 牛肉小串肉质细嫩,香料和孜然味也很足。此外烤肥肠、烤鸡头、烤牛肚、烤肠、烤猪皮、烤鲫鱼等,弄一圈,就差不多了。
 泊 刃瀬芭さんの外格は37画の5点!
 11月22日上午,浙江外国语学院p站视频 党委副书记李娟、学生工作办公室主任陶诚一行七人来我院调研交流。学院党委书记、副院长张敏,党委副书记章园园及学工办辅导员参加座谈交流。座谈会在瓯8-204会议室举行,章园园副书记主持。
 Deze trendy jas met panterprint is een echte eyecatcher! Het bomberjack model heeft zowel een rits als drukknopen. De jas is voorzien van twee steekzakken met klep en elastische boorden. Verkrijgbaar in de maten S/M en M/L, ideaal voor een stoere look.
* * *
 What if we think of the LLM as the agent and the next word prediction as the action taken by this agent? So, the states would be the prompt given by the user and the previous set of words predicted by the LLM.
--
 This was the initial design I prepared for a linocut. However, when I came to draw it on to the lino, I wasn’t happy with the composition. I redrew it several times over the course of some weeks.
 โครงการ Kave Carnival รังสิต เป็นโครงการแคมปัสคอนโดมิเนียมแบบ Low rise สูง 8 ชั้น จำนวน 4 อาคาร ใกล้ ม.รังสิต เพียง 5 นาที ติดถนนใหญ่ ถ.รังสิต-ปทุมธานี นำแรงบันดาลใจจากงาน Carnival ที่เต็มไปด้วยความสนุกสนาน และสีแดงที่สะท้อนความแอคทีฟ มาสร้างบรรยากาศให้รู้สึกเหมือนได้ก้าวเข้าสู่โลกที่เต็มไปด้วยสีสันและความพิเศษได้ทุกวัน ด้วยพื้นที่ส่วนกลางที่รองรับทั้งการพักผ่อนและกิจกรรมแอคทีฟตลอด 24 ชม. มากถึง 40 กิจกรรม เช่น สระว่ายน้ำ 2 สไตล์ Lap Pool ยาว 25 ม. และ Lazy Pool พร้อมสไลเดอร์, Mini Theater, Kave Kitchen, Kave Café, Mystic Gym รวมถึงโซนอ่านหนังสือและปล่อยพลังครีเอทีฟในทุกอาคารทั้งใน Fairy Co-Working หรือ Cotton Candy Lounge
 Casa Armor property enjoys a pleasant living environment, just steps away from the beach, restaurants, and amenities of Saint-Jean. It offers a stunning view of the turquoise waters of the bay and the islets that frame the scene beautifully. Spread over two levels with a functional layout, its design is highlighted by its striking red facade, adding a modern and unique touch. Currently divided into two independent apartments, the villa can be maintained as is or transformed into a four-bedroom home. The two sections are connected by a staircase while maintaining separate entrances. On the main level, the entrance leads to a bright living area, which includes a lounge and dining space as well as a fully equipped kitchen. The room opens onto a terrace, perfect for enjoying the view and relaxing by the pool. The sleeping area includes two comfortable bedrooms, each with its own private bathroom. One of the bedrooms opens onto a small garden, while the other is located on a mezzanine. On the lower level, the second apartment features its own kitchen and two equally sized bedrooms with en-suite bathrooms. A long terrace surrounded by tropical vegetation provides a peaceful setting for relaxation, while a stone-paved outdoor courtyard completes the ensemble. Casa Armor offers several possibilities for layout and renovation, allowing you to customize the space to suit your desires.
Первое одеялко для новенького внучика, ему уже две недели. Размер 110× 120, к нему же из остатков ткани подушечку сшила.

> **Instructions to follow**
Find the line with "牛肉小串肉质细嫩,香料和孜然" in the entries above. Retype it and each line after it, exactly, through the line with "11月22日上午,浙江外国语", and stop there.

> **Answer box**
 牛肉小串肉质细嫩,香料和孜然味也很足。此外烤肥肠、烤鸡头、烤牛肚、烤肠、烤猪皮、烤鲫鱼等,弄一圈,就差不多了。
 泊 刃瀬芭さんの外格は37画の5点!
 11月22日上午,浙江外国语学院p站视频 党委副书记李娟、学生工作办公室主任陶诚一行七人来我院调研交流。学院党委书记、副院长张敏,党委副书记章园园及学工办辅导员参加座谈交流。座谈会在瓯8-204会议室举行,章园园副书记主持。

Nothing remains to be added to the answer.